The cop opened his mouth to argue and repeat the stricture that the building was closed.
“I don’t have my phone or my wallet. I can’t get a hotel without a credit card. I have nowhere to go. I need access to my apartment to see if anything is salvageable.”
“Which apartment?”
“Number 3C.”
The cop shook his head again. “That’s where the fire broke out. You can’t have any access to it.”
“Please. I need to at least see it. I need to know how bad it is. Should I start on getting my ID reissued, or will I be able to get it back? Can you tell me that?”
“No, I don’t know.”
“Could you go up there with me? That way you can make sure I don’t touch anything, but I can see if I’ll be able to save anything, or whether it’s all gone.”
“I don’t have clearance to do that.”
“Maybe you could get permission. Is there someone you could call? Explain the situation?”

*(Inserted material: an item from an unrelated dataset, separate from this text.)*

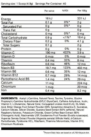Enjoy accelerated fat loss, while simultaneously enhancing your overall cognitive function and immune system thanks to OxyShred Hardcore’s elixir or hard-hitting ingredients. Jam-packed with Vitamin C, Vitamin D, Thiamin, Riboflavin, Niacin B3, Vitamin B6, Vitamin B12, Pantothenic Acid B5, Calcium, Chromium and Iron, you can expect an all-round exceptional fat burning, mood enhancing, energy accelerating, and immune boosting formula.

The cop just looked at him. Zachary spread his arms wide.
“I don’t have anywhere to go. I don’t have any identification, phone, or money. I don’t have anywhere to sleep. I don’t have a car. Can you explain that to someone? Help me out, here.”
“I can’t let you have access to anything in the apartment.”
“I understand that. I won’t touch or take anything. Just look to see it there’s anything that didn’t burn.”
The man gave an exasperated sigh. “Fine. Let me see if I can get ahold of someone.”